Teething troubles notwithstanding, the shorter casts give Asher a lot more freedom, though they’re still very limiting. There’s a lot he can’t do, but at least now he can work out. I never thought he’d turn into a gym rat, but these days he’s in there every afternoon. I’m glad of that; he seems a lot happier after he’s trained. He’s doing way more than his rehab requires, but I can’t see any harm in it. He doesn’t have anything else to do, he’s not injured himself yet, and he’s getting a real kick out of it.

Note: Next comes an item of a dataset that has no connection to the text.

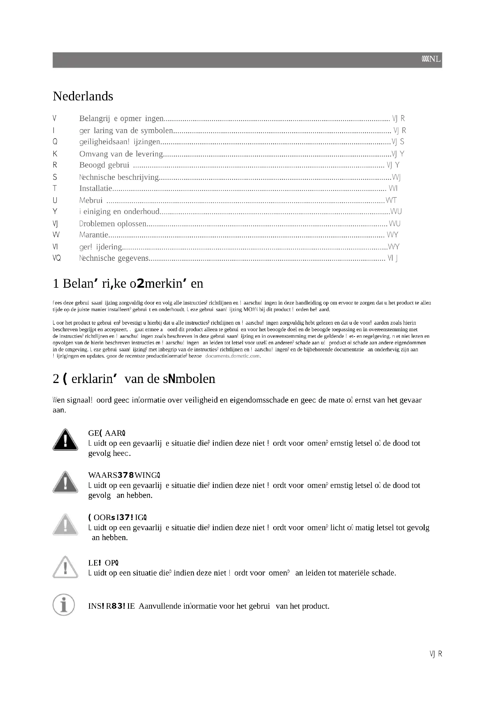 - 13 Technische gegevens 1 Belangrijke opmerkingen Lees deze gebruiksaanwijzing zorgvuldig door en volg alle instructies, richtlijnen en waarschuwingen in deze handleiding op om ervoor te zorgen dat u het product te allen tijde op de juiste manier installeert, gebruikt en onderhoudt. Deze gebruiksaanwijzing MOET bij dit product worden bewaard. Door het product te gebruiken, bevestigt u hierbij dat u alle instructies, richtlijnen en waarschuwingen zorgvuldig hebt gelezen en dat u de voorwaarden zoals hierin beschreven begrijpt en accepteert. U gaat ermee akkoord dit product alleen te gebruiken voor het beoogde doel en de beoogde toepassing en in overeenstemming met de instructies, richtlijnen en waarschuwingen zoals beschreven in deze gebruiksaanwijzing en in overeenstemming met de geldende wet- en regelgeving. Het niet lezen en opvolgen van de hierin beschreven instructies en waarschuwingen kan leiden tot letsel voor uzelf en anderen, schade aan uw product of schade aan andere eigendommen in de omgeving. Deze gebruiksaanwijzing, met inbegrip van de instructies, richtlijnen en waarschuwingen, en de bijbehorende documentatie kan onderhevig zijn aan wijzigingen en updates. Voor de recentste productinformatie, bezoek documents.dometic.com. 2 Verklaring van de symbolen Een signaalwoord gee informatie over veiligheid en eigendomsschade en gee de mate of ernst van het gevaar aan. GEVAAR! Duidt op een gevaarlijke situatie die, indien deze niet wordt voorkomen, ernstig letsel of de dood tot gevolg hee. WAARSCHUWING! Duidt op een gevaarlijke situatie die, indien deze niet wordt voorkomen, ernstig letsel of de dood tot gevolg kan hebben. VOORZICHTIG! Duidt op een gevaarlijke situatie die, indien deze niet wordt voorkomen, licht of matig letsel tot gevolg kan hebben. LET OP! Duidt op een situatie die, indien deze niet wordt voorkomen, kan leiden tot materiële schade. INSTRUCTIE Aanvullende informatie voor het gebruik van het product. 105NL 3 Veiligheidsaanwijzingen Neem ook de veiligheidsaanwijzingen en voorschriften van de voertuigfabrikant en erkende werkplaatsen in acht. p. 120

I’ve also got a very selfish reason to approve of this new regime. I always thought the guy was good looking. He’s lean and not in the least mean and beautiful in every way. When I first met him it took me about two minutes of conversation to determine that he was Grade A fuckable, and he’s given me no reason to change my mind. As far as I’m concerned, he’s perfect as he is. There’s not a single thing about him I’d like to change, aside from his health. Under the new fitness regime, though, he’s starting to get buff. Gwen managed to put some weight on him while he was laid up, and the training is turning it all to muscle.
It’s been happening so slowly that I had only half noticed it. It hits me all of a sudden one afternoon when we swing by the gym to pick him up on our way to dinner. He’s just finished his workout, by the looks of it. He’s still flushed and extremely sweaty. He’s missed a couple of haircuts, and his damp hair is all copper curls. When the whips his top off to change, my jaw hits the floor. Dude’s still lean as hell, but he’s getting some serious pecs and shoulders and arms and abs and all kinds of muscles all over the place, as far as I can see. There are places I can’t
see, and I really wish I could, because I bet they’re spectacular.

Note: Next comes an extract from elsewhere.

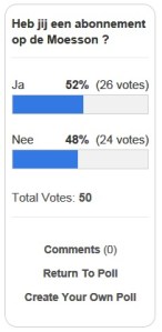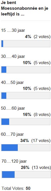 Weinig representatief natuurlijk, met 26 abonnee´s. Als het beeld klopt – en daar zullen ze bij Moesson niet van opkijken – dat moet je constateren dat het lezerspubliek op leeftijd is: 76% 50+, en 60% zelfs 60+. Ondanks alle pogingen het blad te verjongen.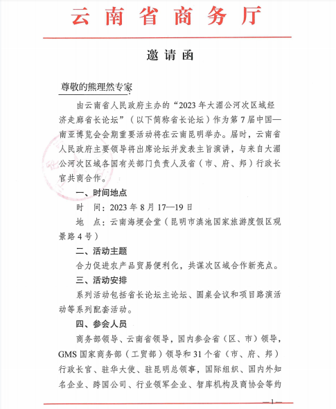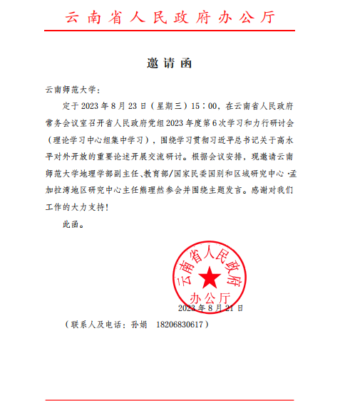 近日,我校地理学部副主任熊理然教授受邀参加了云南高水平对外开放系列高层会议,分别是8月17日在昆明召开的“2023年大湄公河次区域经济走廊省长论坛圆桌会议”,8月23日由省政府党组书记、省长王予波主持召开的省政府党组理论学习中心组学习和力行研讨会。在省政府党组书记、省长王予波主持召开的省政府党组理论学习中心组学习和力行研讨会上,熊理然教授以《经济全球化新叙事与云南发展的新机遇》为主题进行了交流汇报,部分省领导及参会同志与熊理然教授进行了互动交流。

I watch him maneuver himself back on the ATR and my mind goes completely blank. When he puts his top back on, that doesn’t help in the least. I just don’t seem to be able to think anymore. He catches me gawping at him and looks highly amused. I’m momentarily ashamed of myself, then I realize that Gwen is doing precisely the same. We’d make a fine synchronized drooling team. I couldn’t care less; if Marcus wasn’t here, I’d drag Asher straight home and make him miss his dinner.
Marcus is here, however, so that’s not really an option. I try to get my brain to reactivate and follow them down the hallway.
We’re about halfway down to the refectory, when Marcus pats Asher on the back. That makes Asher go rigid, but Marcus, as usual, doesn’t seem to register that and start to chat jovially. “It’s really great that you’re not self-conscious about your scars. That you feel able to display them so publicly.”
“Beg pardon?”
“Well, some people would be uncomfortable about exposing their scars in public. But you don’t, obviously. You seem perfectly comfortable letting everyone see them.”
Asher lifts his hands off the ATR controls. “Fat lot of good it would do me to be uncomfortable. I’d have to wear godsdamn gloves all the time.”
Marcus sighs. “Yes. I guess some people would go for that. You know, to stop other people having to see them.”
Gwen guffaws. “Having to see them? They’re hardly visible.”
“I think it’s great that you are so supportive.”
“Supportive? You’re being ridiculous. They are hardly fucking visible. And even if they weren’t, what the hell should he be ashamed of? That he nearly gave his life for the Patrol?”
“You’re right. Of course. It’s a shame that it didn’t achieve much.”